ARTHUR JOHN ROBIN GORELL ("ROBIN") MILNER DL Author Profile link
United Kingdom – 1991
CITATION
For three distinct and complete achievements:

LCF, the mechanization of Scott's Logic of Computable Functions, probably the first theoretically based yet practical tool for machine assisted proof construction;
ML, the first language to include polymorphic type inference together with a type-safe exception-handling mechanism;
CCS, a general theory of concurrency.
In addition, he formulated and strongly advanced full abstraction, the study of the relationship between operational and denotational semantics.
SHORT ANNOTATED
BIBLIOGRAPHY
ACM TURING AWARD
LECTURE
RESEARCH
SUBJECTS
ADDITIONAL
MATERIALS
Working in challenging areas of computer science for twenty years, Robin Milner has established an international reputation for three distinct achievements, each of which has had a marked, important, and widespread effect on both the theory and practice of computer science. In addition, he formulated and strongly advanced full abstraction, the study of the relationship between denotational semantics (which formalizes the meaning of programs using abstract mathematical descriptions of behavior called denotations), and operational semantics (which models program execution).

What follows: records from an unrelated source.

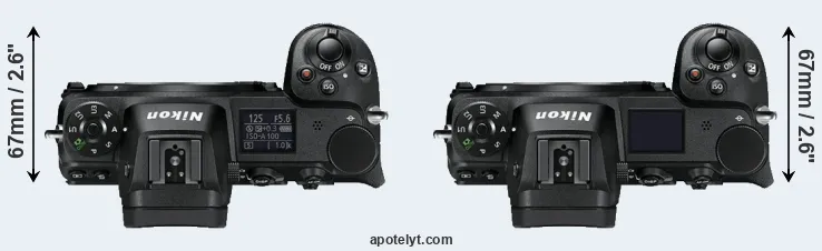 The physical size and weight of the Nikon Z6 and the Nikon Z7 are illustrated in the side-by-side display below. The two cameras are presented according to their relative size. Three consecutive perspectives from the front, the top, and the back are available. All size dimensions are rounded to the nearest millimeter.
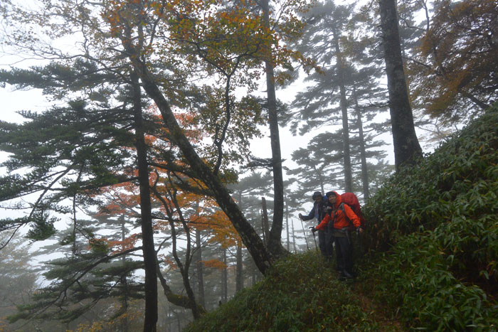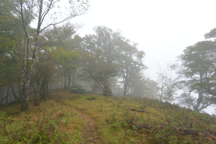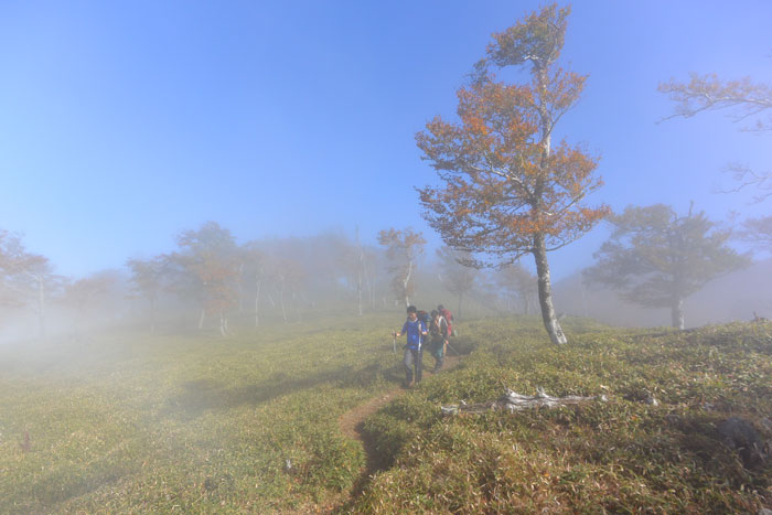 しかも稜線は雲の中であたりは真っ白。景色もほとんど見えません。
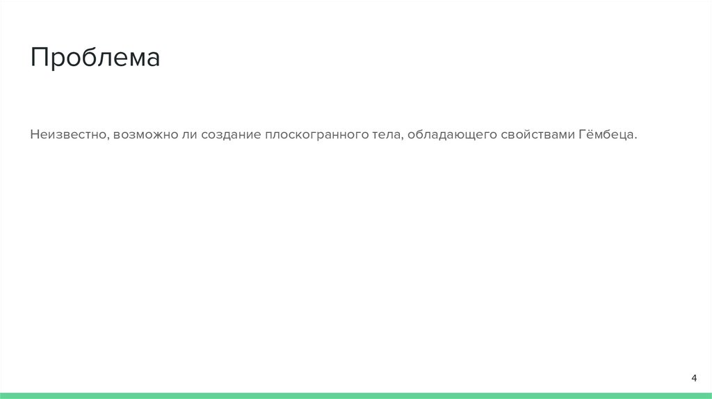 ПроблемаНеизвестно, возможно ли создание плоскогранного тела, обладающего свойствами Гёмбеца.
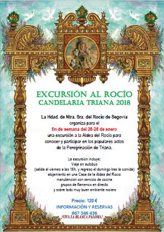La Hermandad de Segovia organiza una Excursión al Rocío para los días 26 al 28 de enero de 2018
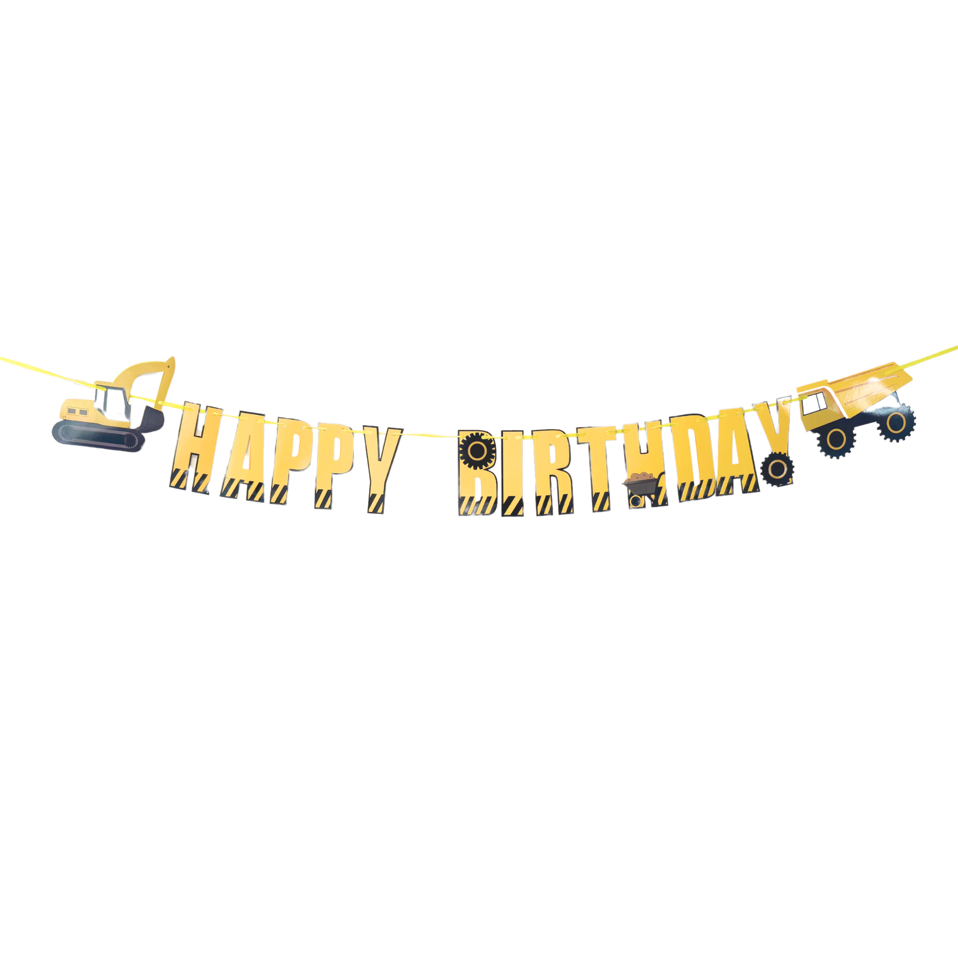 Digger pack includes: 12-pack 12" latex balloons in mustard yellow and black, 8-pack 5inch balloons, 1-pack 40" black number balloon, 5-pack 5" mixed black and yellow balloon, 1-pack digger balloon, balloon glue dots, balloon ribbon.
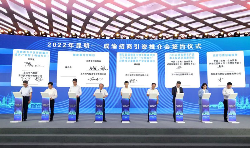 在昆明—成渝招商引資推介會(huì)上,簽約的35個(gè)項(xiàng)目中,除4個(gè)100億元及以上的項(xiàng)目外,還有4個(gè)50億元至100億元的項(xiàng)目,9個(gè)10億元至50億元的項(xiàng)目。新簽約項(xiàng)目中,既有生態(tài)涵養(yǎng)、特色農(nóng)旅“兩手抓”的特色項(xiàng)目,也有因地制宜的生態(tài)環(huán)保類項(xiàng)目。
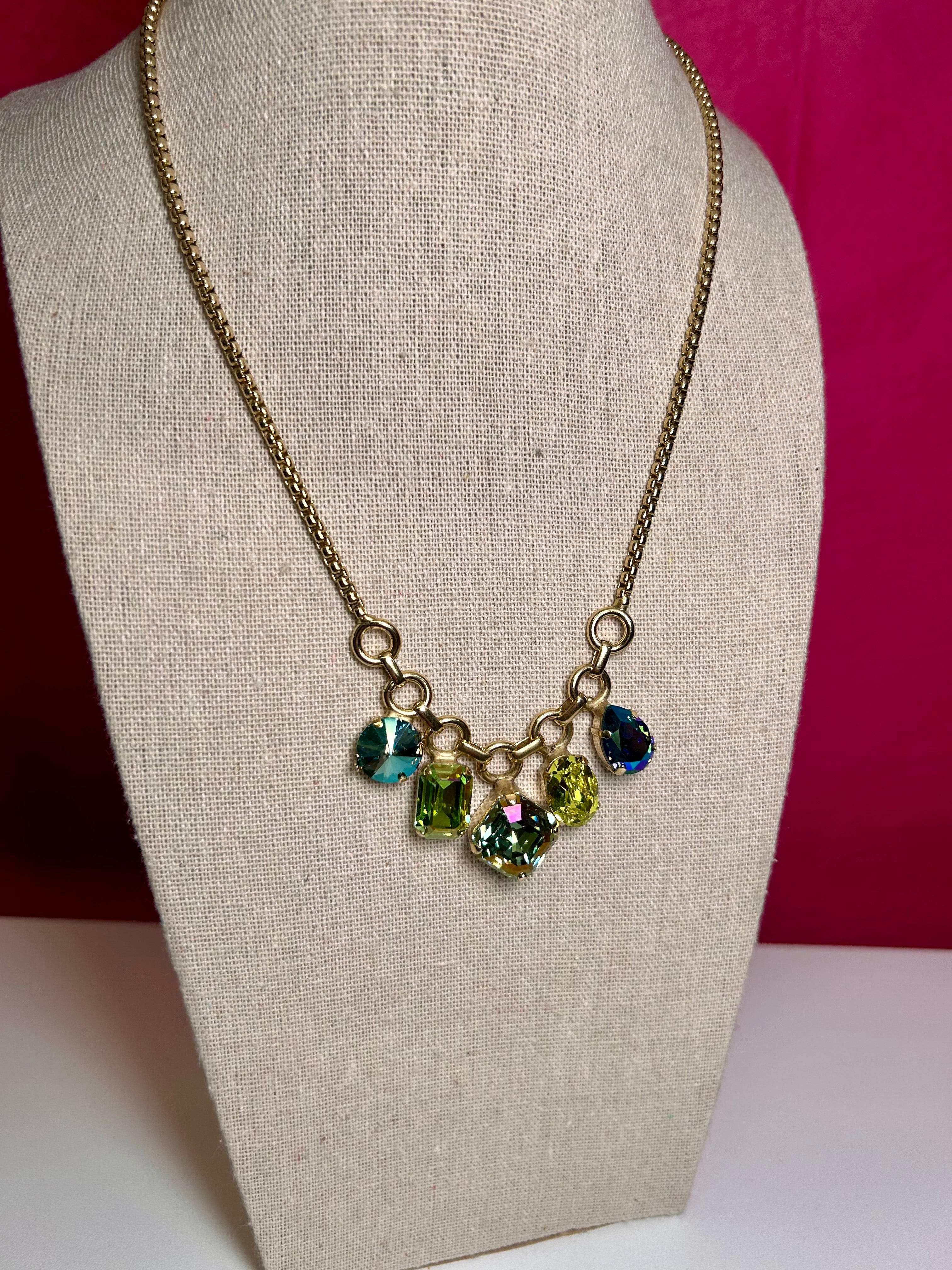 Add some sparkle to your look with the Lorene Necklace in Hawaiian Punch . Its antique gold plated brass base metal and high quality crystals give off a vintage vibe. Plus, the 16" length with a 3" extension allows for customizable wear.
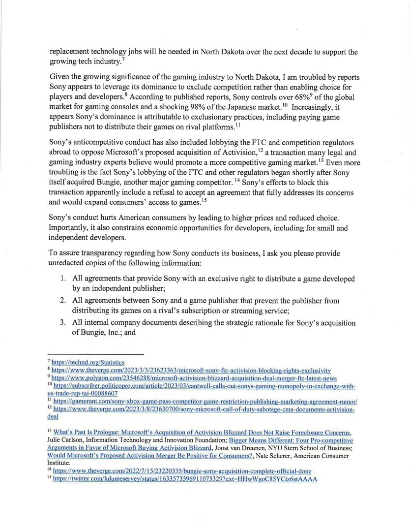 Cramer 議員在信件中強調,北達科塔大學是美國首批提供電競相關學程與學士學位的大學之一。而索尼已經稱霸家用主機市場超過二十年(任天堂:蛤?),因為擔心索尼的行為會傷害北達科塔州的遊戲相關就業市場,才特別發函要求索尼提供相關文件資料。
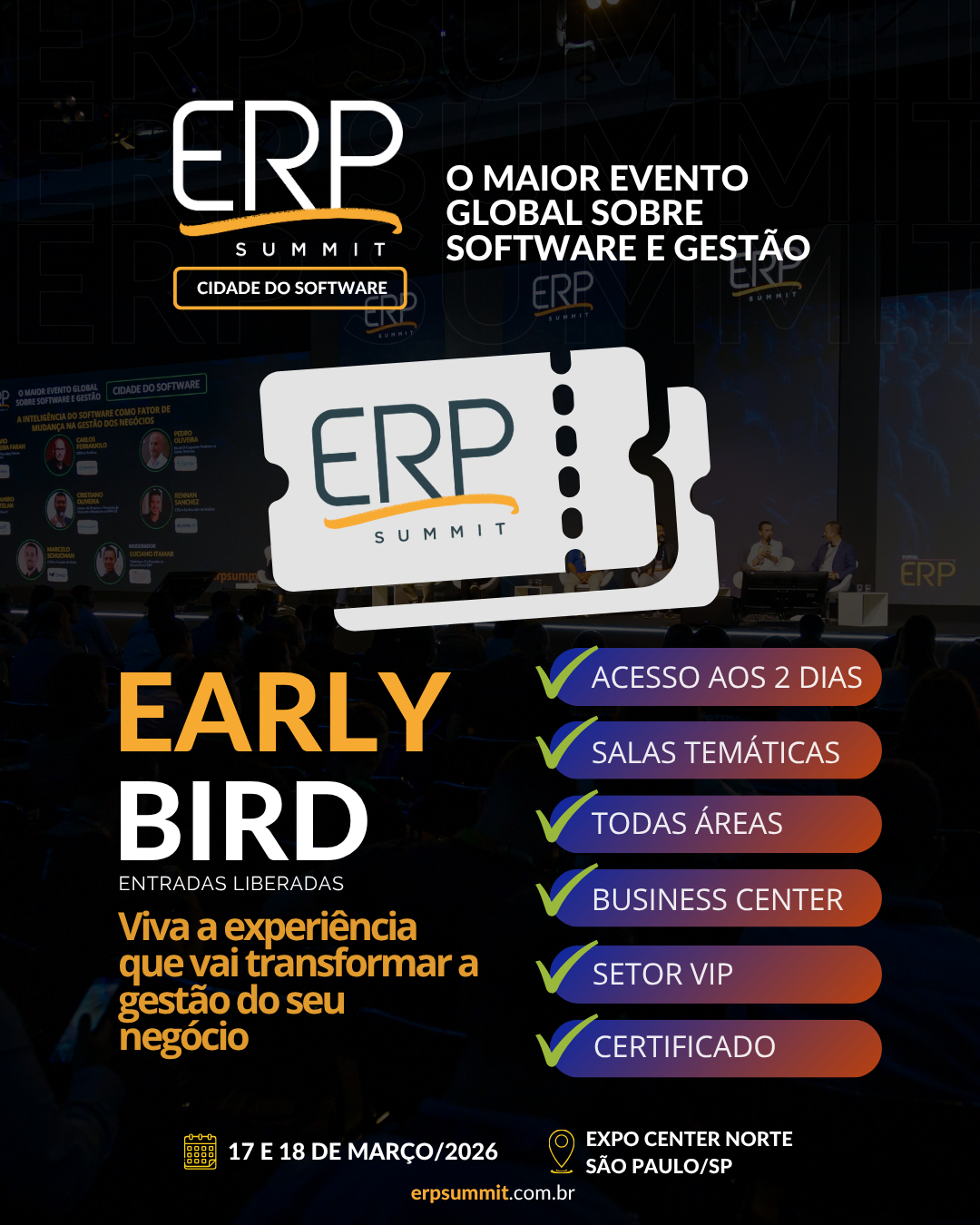 Os ingressos Early Bird do ERP Summit Brasil 2026 estão disponíveis.
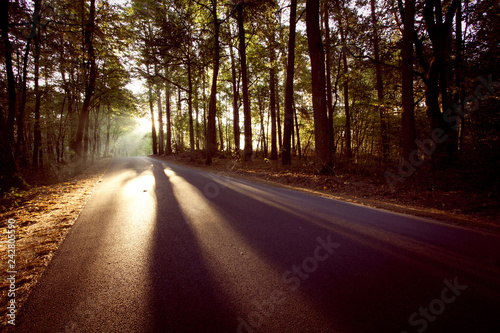 Fototapeta premium Road through the trees. Mornign landscape

A key ingredient in all of his work has been his ability to combine deep insight into mathematical foundations of the subject with an equally deep understanding  of practical and aesthetic issues, thus allowing the feedback of theory into practice in an exciting way. Further, his style of scholarship, rigor, and attention to detail sets a high example for all to follow.

Milner was born into a military family residing on the South coast of England. He was awarded a scholarship to Eton College in 1947, and subsequently served in the Royal Engineers, attaining the rank of Second Lieutenant. He then enrolled at King's College, Cambridge, graduating in 1957. At Cambridge, Milner studied Mathematics (B.Sc.), then Moral Sciences (Philosophy) (Part II).

His first encounter with computing, as an undergraduate in 1956, was uninspiring. He took a 10-day course in programming on Maurice Wilkes’ EDSAC (Electronic Delay Storage Automatic Calculator). His reaction was characteristically decisive: “Programming was not a very beautiful thing. I resolved I would never go near a computer in my life.” He found the activity of “writing one instruction after the other” to be “inelegant” and “arbitrary”.

Robin was, however, interested in tools as prosthetic devices that serve to extend our reach. He was intensely practical, as evidenced by the wooden geometric shapes on the light-strings on his lamps, and the comprehensive collection of chisels, gimlets and awls arranged neatly in the utility room (a spotlessly clean workshop that also served as the laundry) in his Cambridge home. Robin later became fascinated with computers as tools. He realized, very early, that that they were not just mere calculating devices, but could become ‘tools of the mind’.

Milner never studied for a PhD. After one year as a school teacher, and two years of national service in Suez, his next engagement with computers came at the computer manufacturer Ferranti, where he “made sure that all the new machines they were selling were actually working,” and also wrote parts of a compiler. In 1963 he moved to academia with a passionate belief that a deeper understanding of programming could form the basis for a more elegant practice.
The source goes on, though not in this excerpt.